In contrastato con l'utilizzo più comune della spettroscopia di massa, utilizzata per identificare il picco di ogni specifica molecola contenuta nel composto esaminato, i ricercatori hanno aggregato i dati e hanno esaminato le statistiche generali e la distribuzione dei segnali. Miscele organiche complesse, come quelle derivate da esseri viventi, petrolio e campioni abiologici, presentano "impronte" molto diverse se viste in questo modo. Il team ha quindi inserito i dati grezzi in un algoritmo di apprendimento automatico, scoprendo sorprendentemente che il computer era in grado di classificare accuratamente i campioni come viventi o non viventi con una precisione del 95% circa. Questo risultato è stato ottenuto dopo aver semplificato notevolmente i set di partenza, tenendo conto del fatto che gli strumenti a bordo dei veicoli spaziali hanno generalmente una precisione ridotta rispetto a quelli utilizzati nei laboratori terrestri.
"Questo lavoro apre molte strade entusiasmanti per l'utilizzo della spettrometria di massa ad altissima risoluzione per applicazioni astrobiologiche", ha affermato il coautore Huan Chen del US National MagLab.
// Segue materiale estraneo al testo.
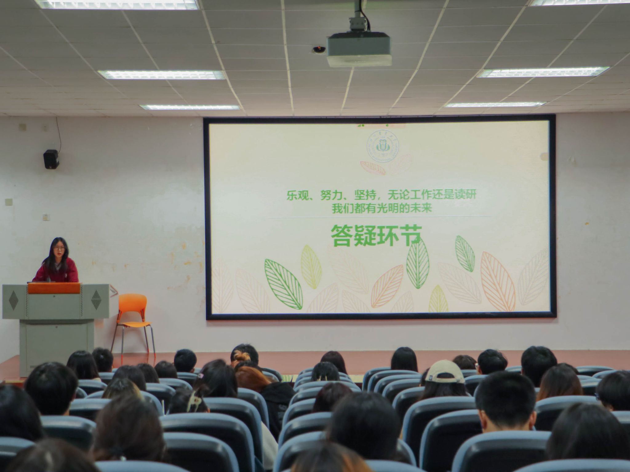 黄俊潘结合自身考研经验从考研择校和作息、考研科目规划和资料获取以及如何调整备考心态三个方面进行了分享,以自身为例向同学们分享备考作息,学习方法和择课经验等,当提到如何调整心态,高效备考时,她鼓励道“乐观,努力,坚持,无论工作还是读研,我们都有光明的未来”。秦誉洋通过分析官方保研文件,假设举例以及讲述自身经历向同学们介绍了推免政策,推免流程以及院校专业选择,他强调无论是考研保研还是就业,信息对称都十分重要,针对推免流程应挂图作战、对表推进。盛雯开场通过一个问题“你了解多少创新创业赛事的内容?”引入宣讲,随后从政策支持,推免加分,奖金补贴、三大赛事简介等方面带来分享,通过对学校官方文件的展示与讲解为在场同学进行了详细的介绍,依据学院大部分学生对于创新创业赛事觉得很遥远、比较陌生的现象,分享了自身的双创经验,为学院同学拨开双创的神秘面纱。宣讲会在一片热烈的掌声中圆满结束。

L'autore principale Nicholas Guttenberg ha aggiunto: “Sebbene sia difficile, se non impossibile, caratterizzare ogni picco in una miscela chimica complessa, l'ampia distribuzione dei componenti può contenere schemi e relazioni informative sul processo mediante il quale quella miscela è nata o si è sviluppata. Se vogliamo comprendere la chimica prebiotica complessa, abbiamo bisogno di modi di pensare in termini di questi schemi generali - come si verificano, cosa implicano e come cambiano - piuttosto che la presenza o l'assenza di singole molecole. Questo documento è una prima indagine sulla fattibilità e sui metodi di caratterizzazione a quel livello e mostra che anche scartando le misurazioni di massa ad alta precisione, ci sono informazioni significative nella distribuzione dei picchi che possono essere utilizzate per identificare i campioni in base al tipo di processo che li ha prodotti". Ora, il team prevede di proseguire con ulteriori studi per capire esattamente quali aspetti di questo tipo di analisi dei dati consentono una classificazione così efficace.